See more: https://docs.mistral.ai/getting-started/models/models_overview/
- `include_image_base64`: If True, includes base64 encoded images in the response.
This may significantly increase response size and processing time.
- `pages`: Specific page numbers to process (0-indexed). If None, processes all pages.
- `image_limit`: Maximum number of images to extract from the document.
- `image_min_size`: Minimum height and width (in pixels) for images to be extracted.
- `cleanup_uploaded_files`: If True, automatically deletes files uploaded to Mistral after processing.
Only affects files uploaded from local sources (str, Path, ByteStream).
Files provided as FileChunk are not deleted. Default is True.

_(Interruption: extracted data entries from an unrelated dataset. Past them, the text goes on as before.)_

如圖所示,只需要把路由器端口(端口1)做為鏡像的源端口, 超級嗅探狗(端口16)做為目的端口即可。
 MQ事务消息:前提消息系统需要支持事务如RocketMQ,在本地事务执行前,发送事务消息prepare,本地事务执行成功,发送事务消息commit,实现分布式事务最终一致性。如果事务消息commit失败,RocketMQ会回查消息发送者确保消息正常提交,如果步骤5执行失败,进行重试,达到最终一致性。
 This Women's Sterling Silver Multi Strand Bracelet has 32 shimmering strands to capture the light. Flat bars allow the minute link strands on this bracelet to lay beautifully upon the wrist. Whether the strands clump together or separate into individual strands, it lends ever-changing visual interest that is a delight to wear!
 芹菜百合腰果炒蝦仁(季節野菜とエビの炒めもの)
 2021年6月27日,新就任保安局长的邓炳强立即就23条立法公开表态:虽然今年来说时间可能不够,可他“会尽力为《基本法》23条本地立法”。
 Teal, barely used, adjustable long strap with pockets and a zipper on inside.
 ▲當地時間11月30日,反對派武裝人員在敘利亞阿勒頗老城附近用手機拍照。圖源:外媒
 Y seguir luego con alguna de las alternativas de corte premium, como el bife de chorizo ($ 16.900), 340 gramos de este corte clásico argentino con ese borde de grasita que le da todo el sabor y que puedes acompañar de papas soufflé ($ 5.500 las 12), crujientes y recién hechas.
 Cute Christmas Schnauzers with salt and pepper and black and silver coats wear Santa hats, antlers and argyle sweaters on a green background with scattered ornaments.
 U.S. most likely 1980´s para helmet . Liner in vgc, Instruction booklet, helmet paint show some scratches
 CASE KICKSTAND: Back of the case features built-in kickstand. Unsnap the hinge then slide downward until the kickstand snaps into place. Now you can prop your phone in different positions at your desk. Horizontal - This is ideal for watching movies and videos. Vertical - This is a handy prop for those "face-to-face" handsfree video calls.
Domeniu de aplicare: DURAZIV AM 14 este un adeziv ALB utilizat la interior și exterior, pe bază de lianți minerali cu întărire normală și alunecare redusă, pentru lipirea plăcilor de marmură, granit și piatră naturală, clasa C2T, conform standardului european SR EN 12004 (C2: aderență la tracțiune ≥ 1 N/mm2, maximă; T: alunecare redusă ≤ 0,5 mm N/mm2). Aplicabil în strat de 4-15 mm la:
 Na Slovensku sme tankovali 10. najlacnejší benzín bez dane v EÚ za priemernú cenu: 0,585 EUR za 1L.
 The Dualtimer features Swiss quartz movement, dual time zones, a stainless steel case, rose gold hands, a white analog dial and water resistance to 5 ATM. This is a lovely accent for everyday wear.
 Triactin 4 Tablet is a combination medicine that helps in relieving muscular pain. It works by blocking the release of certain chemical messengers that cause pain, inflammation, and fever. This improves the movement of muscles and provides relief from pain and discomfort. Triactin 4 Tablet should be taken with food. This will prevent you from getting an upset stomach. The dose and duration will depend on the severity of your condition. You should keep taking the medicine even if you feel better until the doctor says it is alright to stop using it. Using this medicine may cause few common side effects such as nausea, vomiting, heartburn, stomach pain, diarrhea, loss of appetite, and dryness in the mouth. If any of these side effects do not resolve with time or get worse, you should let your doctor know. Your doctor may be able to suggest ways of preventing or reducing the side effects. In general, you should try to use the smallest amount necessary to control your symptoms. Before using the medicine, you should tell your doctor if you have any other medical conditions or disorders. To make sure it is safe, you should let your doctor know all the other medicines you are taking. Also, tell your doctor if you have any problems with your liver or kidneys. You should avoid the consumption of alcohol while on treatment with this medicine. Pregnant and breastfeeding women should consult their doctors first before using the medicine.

<a id="haystack_integrations.components.converters.mistral.ocr_document_converter.MistralOCRDocumentConverter.to_dict"></a>

#### MistralOCRDocumentConverter.to\_dict

```python
def to_dict() -> Dict[str, Any]
```

Serializes the component to a dictionary.

**Returns**:

Dictionary with serialized data.

<a id="haystack_integrations.components.converters.mistral.ocr_document_converter.MistralOCRDocumentConverter.from_dict"></a>

#### MistralOCRDocumentConverter.from\_dict

```python
@classmethod
def from_dict(cls, data: Dict[str, Any]) -> "MistralOCRDocumentConverter"
```

Deserializes the component from a dictionary.

**Arguments**:

- `data`: Dictionary to deserialize from.

**Returns**:

Deserialized component.

<a id="haystack_integrations.components.converters.mistral.ocr_document_converter.MistralOCRDocumentConverter.run"></a>

#### MistralOCRDocumentConverter.run

```python
@component.output_types(documents=List[Document],
                        raw_mistral_response=List[Dict[str, Any]])
def run(
    sources: List[Union[str, Path, ByteStream, DocumentURLChunk, FileChunk,
                        ImageURLChunk]],
    bbox_annotation_schema: Optional[Type[BaseModel]] = None,
    document_annotation_schema: Optional[Type[BaseModel]] = None
) -> Dict[str, Any]
```

Extract text from documents using Mistral OCR.

**Arguments**:

- `sources`: List of document sources to process. Each source can be one of:
- str: File path to a local document
- Path: Path object to a local document
- ByteStream: Haystack ByteStream object containing document data
- DocumentURLChunk: Mistral chunk for document URLs (signed or public URLs to PDFs, etc.)
- ImageURLChunk: Mistral chunk for image URLs (signed or public URLs to images)
- FileChunk: Mistral chunk for file IDs (files previously uploaded to Mistral)
- `bbox_annotation_schema`: Optional Pydantic model for structured annotations per bounding box.
When provided, a Vision LLM analyzes each image region and returns structured data.
- `document_annotation_schema`: Optional Pydantic model for structured annotations for the full document.
When provided, a Vision LLM analyzes the entire document and returns structured data.
Note: Document annotation is limited to a maximum of 8 pages. Documents exceeding
this limit will not be processed for document annotation.

**Returns**:

A dictionary with the following keys:
- `documents`: List of Haystack Documents (one per source). Each Document has the following structure:
    - `content`: All pages joined with form feed (\f) separators in markdown format.
      When using bbox_annotation_schema, image tags will be enriched with your defined descriptions.
    - `meta`: Aggregated metadata dictionary with structure:
      `{"source_page_count": int, "source_total_images": int, "source_*": any}`.
      If document_annotation_schema was provided, all annotation fields are unpacked
      with 'source_' prefix (e.g., source_language, source_chapter_titles, source_urls).
- `raw_mistral_response`:
    List of dictionaries containing raw OCR responses from Mistral API (one per source).
    Each response includes per-page details, images, annotations, and usage info.